If you are not TTC this method is very very unrelieable i was using this method since i was thirteen silly of me i know but i had used it for three years and not got pregnant so i thought it was safe, then i got pregnant twice in less than 6 months, how wrong was i? i wouldnt suggest this method unless you are not trying to prevent getting pregnant imo.


----------



## teen mummy

thats how i got pregnant
xxx


----------



## shaunanicole

That's how I got pregnant as well.


----------



## Abblebubba

Yeah not suggested unless you are ready for a baby and to accept the responsibilities, not judging anyone by the way just letting you girlies know that method may seem like it is working but one day it will shock you, and cause extra hurdles, :hugs:


----------



## moomin_troll

No matter what age when u no there is a risk to using no contraception you are asking for trouble whether u want to get pregnant or not i dont think this is a good thing to do. yeah i have done it and didnt get pregnant but i was so worried after i never did it again.

I think soon as u become sexualy "active" u shud start using the pill cuz lets face it there are times wen everyone doesnt use a condom and its good to be backed up!


----------



## nikky0907

Hun, there is a ton of birth control methods out there to use... I recommed you talk to your gyno about it.

It's not very realiable and it's only a matter of time before you 'get carried away' or slip up.


----------



## nadupoi

We used the pull out method for quite a few months, also. Luckily, I never got pregnant. But I was put on the pill as soon as I could get my mom to agree. If you're not ready to be pregnant, don't take your chances.


----------



## starah

I'm not a teen but that is how I got pregnant. And we only did that maybe 3 or 4 times.


----------



## Genna

moomin_troll said:


> I think soon as u become sexualy "active" u shud start using the pill cuz lets face it there are times wen everyone doesnt use a condom and its good to be backed up!

that retched pill didn't do jack for me!! :dohh: And I took it consistently, it's still a good idea to use condoms EVEN if you're taking the pill, because the pill isn't 100%, also...you never know if that person has any std's, ect. I wasn't using condoms because I knew where my OH had been, and we were only being "intimate" with each other (he was my OH for 3 years).. Also, after time, your body gets accustom and use to the dosage of hormones in a particular Birth Control, so it's a good idea to raise up the amount every few months, but most doctors will do this anyway. :hugs:


----------



## moomin_troll

Genna said:


> moomin_troll said:
> 
> 
> I think soon as u become sexualy "active" u shud start using the pill cuz lets face it there are times wen everyone doesnt use a condom and its good to be backed up!
> 
> that retched pill didn't do jack for me!! :dohh: And I took it consistently, it's still a good idea to use condoms EVEN if you're taking the pill, because the pill isn't 100%, also...you never know if that person has any std's, ect. I wasn't using condoms because I knew where my OH had been, and we were only being "intimate" with each other (he was my OH for 3 years).. Also, after time, your body gets accustom and use to the dosage of hormones in a particular Birth Control, so it's a good idea to raise up the amount every few months, but most doctors will do this anyway. :hugs:Click to expand...

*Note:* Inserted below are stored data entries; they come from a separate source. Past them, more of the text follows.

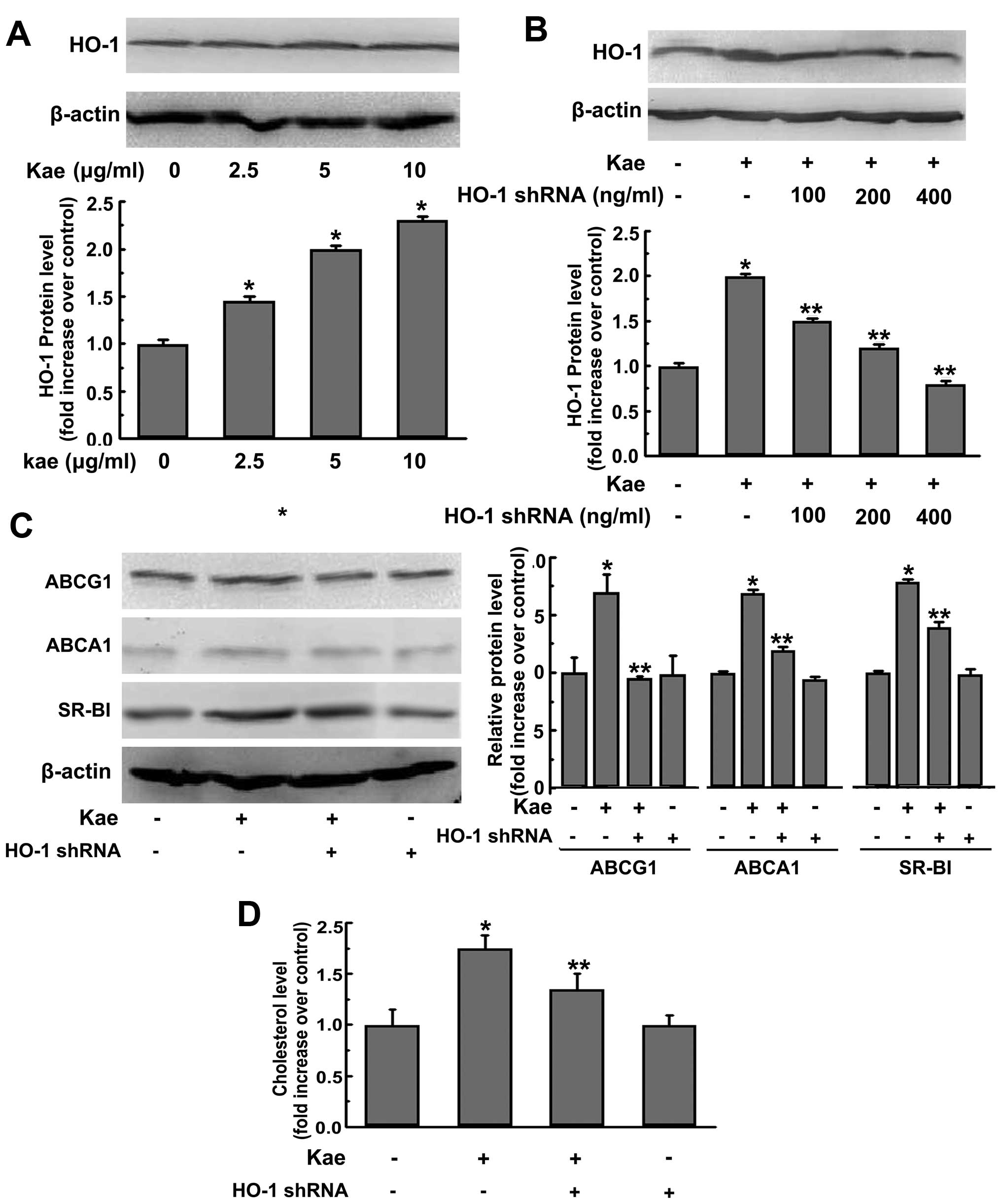 In addition to its effect on CD36 expression, we further investigated the effect of kaempferol on the expression of ABCA1, ABCG1 and SR-BI, 3 major transporters for cholesterol efflux from macrophage foam cells. Duh et al reported that kaempferol increases ABCA1 and SR-BI expression in RAW264.7 macrophages (28), and similar results were obtained in THP-1-derived macrophages in this study. Moreover, we found that ABCG1 expression was also increased in response to kaempferol treatment. It is well established that ABCA1, ABCG1 and SR-BI play a critical role in the cholesterol homeostasis in macrophages (29). Studies using individual transporter-deficient animals showed that atherosclerotic lesions and foam cell accumulation were markedly promoted (17). Recent studies have indicated that the elevated function of RCTs in macrophages, leading to reduced deposition of cholesterol in macrophages, by several dietary flavonoids with anti-atherogenic properties, such as quercetin, EGb 761 and daidzein and resveratrol (18,30,31). In view of their function, the upregulation of ABCA1, ABCG1 and SR-BI expression following kaempferol treatment observed in the current study is likely to promote the cholesterol efflux and subsequent inhibits foam cell formation. More importantly, our results suggest that the induced expression of ABCA1, SR-BI and ABCG1 by kaempferol is accompanied by increased HO-1 expression. This finding was further supported by the results from western blot analysis, in which the kaempferol-mediated upregulation of ABCA1, SR-BI and ABCG1 was reversed by the knockdown of the HO-1 gene using shRNA. In addition, the inhibition of HO-1 attenuated the kaempferol effects on the upregulation of cholesterol efflux and the downregulation of lipid accumulation in macrophages. These results suggest that the expression of HO-1 is required for the induction of ABCA1, SR-BI and ABCG1 expression by kaempferol. Our findings are in agreement with reports that the exogenous overexpression of HO-1 using agonist or adenovirus retards the progression of atherosclerosis in hyperlipidaemic mice (32,33). Although the detailed mechanisms of how kaempferol affects the functions of HO-1 remain to be further investigated, in this study, we discovered a unique pathway for the kaempferol-mediated upregulation of ABCA1, SR-BI and ABCG1. A number of studies have reported that bilirubin or carbon monoxide regulate the antioxidative or anti-inflammatory action of HO-1 (32,34). The involvement of this pathway in the kaempferol-elicited induction of ABCA1, SR-BI and ABCG1 expression remains to be investigated in the future.
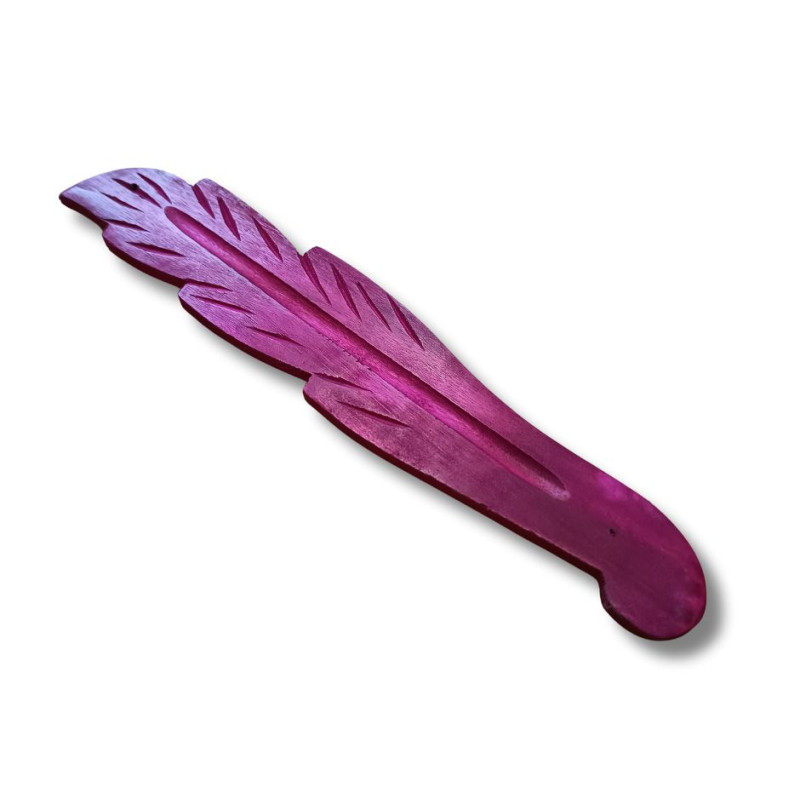 Podłużna podstawka pod kadzidła w kształcie liścia, w delikatnym różowym kolorze, to subtelny i praktyczny dodatek do waszej przestrzeni relaksu, medytacji czy domowego ołtarza. Wykonana z naturalnego drewna mango, łączy lekkość z wytrzymałością, dzięki czemu świetnie sprawdza się w codziennym użytkowaniu. Smukły kształt liścia o długości ok. 26 cm doskonale zbiera opadający popiół z patyczków kadzidlanych, pomagając utrzymać porządek na stoliku, komodzie czy parapecie.
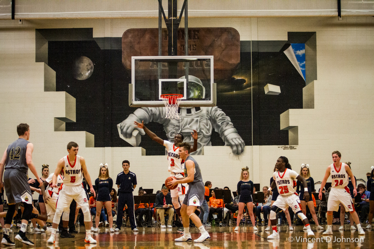 Caption: Illinois varsity high school boys basketball game between the Astros of Shepard from Palos Heights and the Titans of Tinley Park, at Tinley Park on Friday, December 7, 2018.
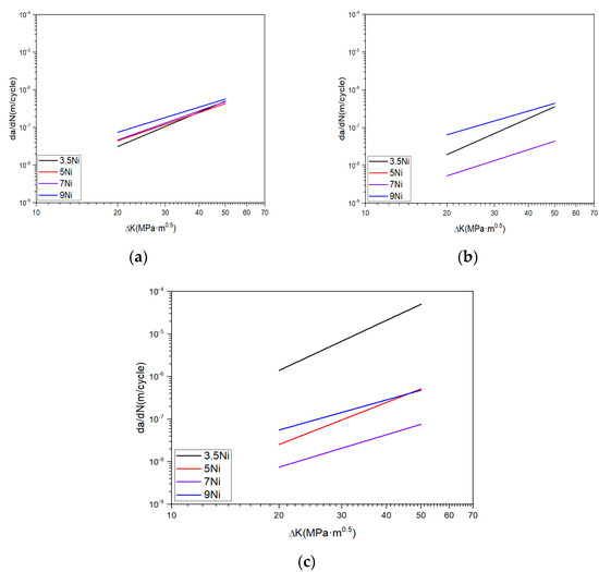 FCGR of various nickel alloy steels in Paris region are illustrated in Figure 7 [27]. All FCGR data are summarized in terms of stress intensity factor range between 20 and 50 . As shown in Figure 7a, the fatigue crack growth rate of nickel alloy steels decreases as nickel contents increase. In terms of FCGR, the start point, which is the linear crack growth according to ΔK of 9Ni, is lower than that of 3.5Ni at room temperature. Therefore, FCGR of nickel alloy steels increase while nickel content increase as shown in Figure 7a. At low and cryogenic temperatures, FCGR of 7Ni is the lowest compared to other nickel alloy steels as presented in Figure 7b,c. In addition, Figure 7c shows that FCGR of 3.5Ni appeared abnormally fast compared to other nickel alloy steels. This result is indicated that the fatigue crack growth characteristic of 3.5Ni become brittleness at cryogenic temperature. In Section 4, these results are analyzed in terms of microstructural and FDBT temperature.
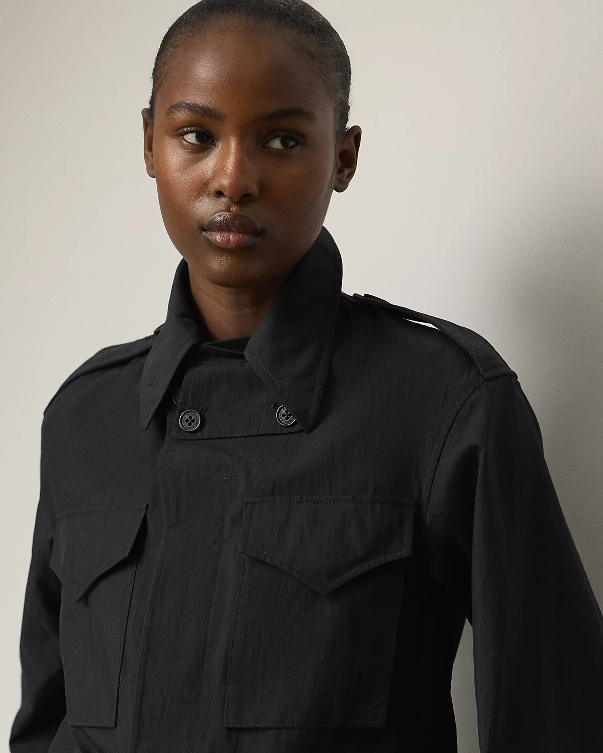 The relaxed-fitting silhouette of our Milton jacket reinterprets a vintage silhouette in cotton-blend twill with a subtle diagonal and a peachy hand feel. With genuine horn divs, flapped pockets, and dived shoulder epaulets, this season’s iteration features a lambskin undercollar embossed with “Ralpthth Lauren.”
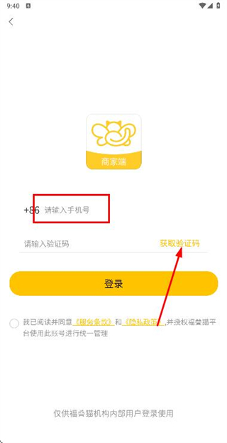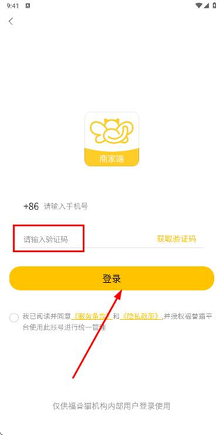 2、在验证码登录页面填写手机号,勾选协议后,点击获取验证码。
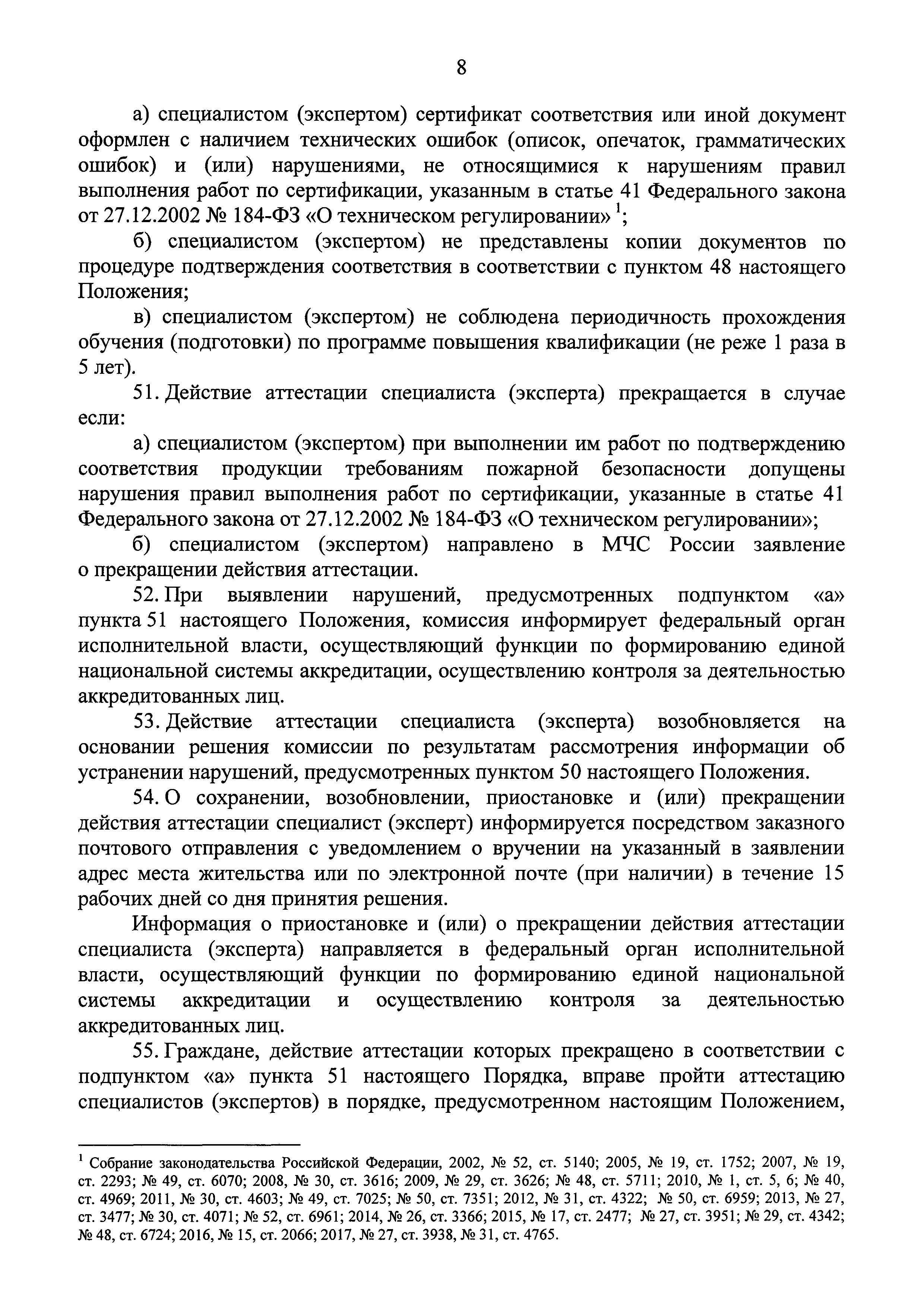 | Название рус.: | Положение о порядке проведения аттестации специалистов (экспертов) по подтверждению соответствия продукции требованиям пожарной безопасности |

i was implying the pill is 100% effective im not that dim but its better than no protection


----------



## Genna

moomin_troll said:


> Genna said:
> 
> 
> 
> 
> 
> moomin_troll said:
> 
> 
> I think soon as u become sexualy "active" u shud start using the pill cuz lets face it there are times wen everyone doesnt use a condom and its good to be backed up!
> 
> that retched pill didn't do jack for me!! :dohh: And I took it consistently, it's still a good idea to use condoms EVEN if you're taking the pill, because the pill isn't 100%, also...you never know if that person has any std's, ect. I wasn't using condoms because I knew where my OH had been, and we were only being "intimate" with each other (he was my OH for 3 years).. Also, after time, your body gets accustom and use to the dosage of hormones in a particular Birth Control, so it's a good idea to raise up the amount every few months, but most doctors will do this anyway. :hugs:Click to expand...
> 
> i was implying the pill is 100% effective im not that dim but its better than no protectionClick to expand...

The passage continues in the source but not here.